INSTRUCTIONS FOR THE TASK
Output range, inclusive: from the line containing "DASAN INC 925" to the line containing "Uzun zincirli, detaylı". Restate those lines from the data below word for word and only those.

DATA TO USE

* * * * *

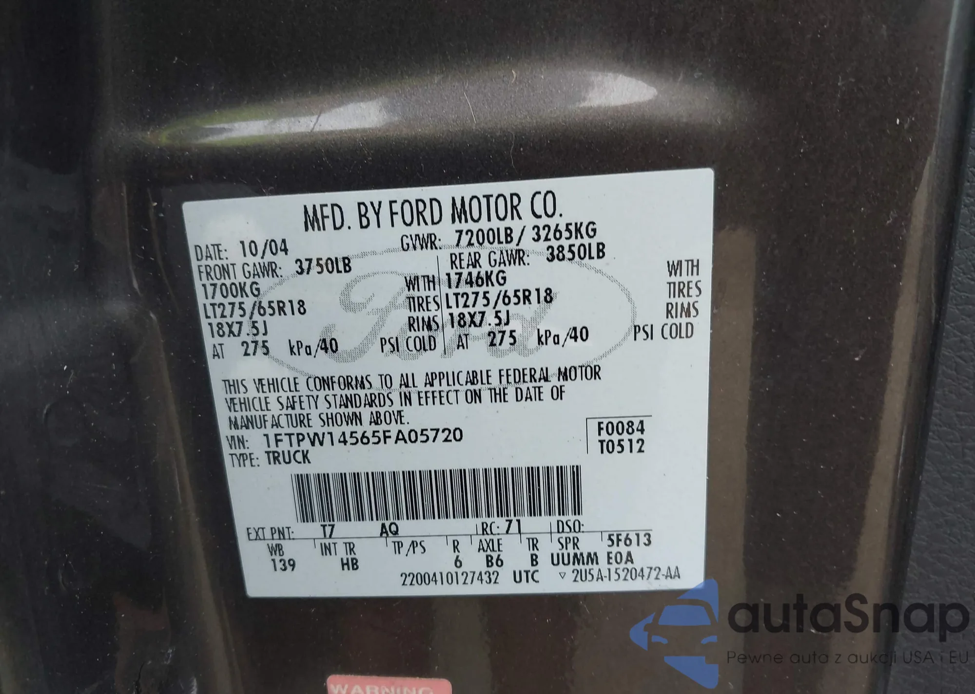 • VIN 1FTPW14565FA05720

* * * * *

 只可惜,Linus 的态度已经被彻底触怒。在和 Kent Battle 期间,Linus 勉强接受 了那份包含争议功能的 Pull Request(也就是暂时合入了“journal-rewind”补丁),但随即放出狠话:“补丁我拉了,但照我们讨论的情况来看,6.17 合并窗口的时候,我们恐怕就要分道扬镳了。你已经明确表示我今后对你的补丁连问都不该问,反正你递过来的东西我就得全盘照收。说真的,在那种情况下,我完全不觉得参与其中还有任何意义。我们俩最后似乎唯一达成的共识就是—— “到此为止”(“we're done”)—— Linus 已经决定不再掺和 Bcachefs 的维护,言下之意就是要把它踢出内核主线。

* * * * *

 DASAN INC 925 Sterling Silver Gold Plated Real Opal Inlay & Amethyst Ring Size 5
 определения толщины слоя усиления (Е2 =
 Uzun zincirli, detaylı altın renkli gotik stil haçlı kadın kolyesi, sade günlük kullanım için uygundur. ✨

* * * * *

PROBLEM SOLUTION
 DASAN INC 925 Sterling Silver Gold Plated Real Opal Inlay & Amethyst Ring Size 5
 определения толщины слоя усиления (Е2 =
 Uzun zincirli, detaylı altın renkli gotik stil haçlı kadın kolyesi, sade günlük kullanım için uygundur. ✨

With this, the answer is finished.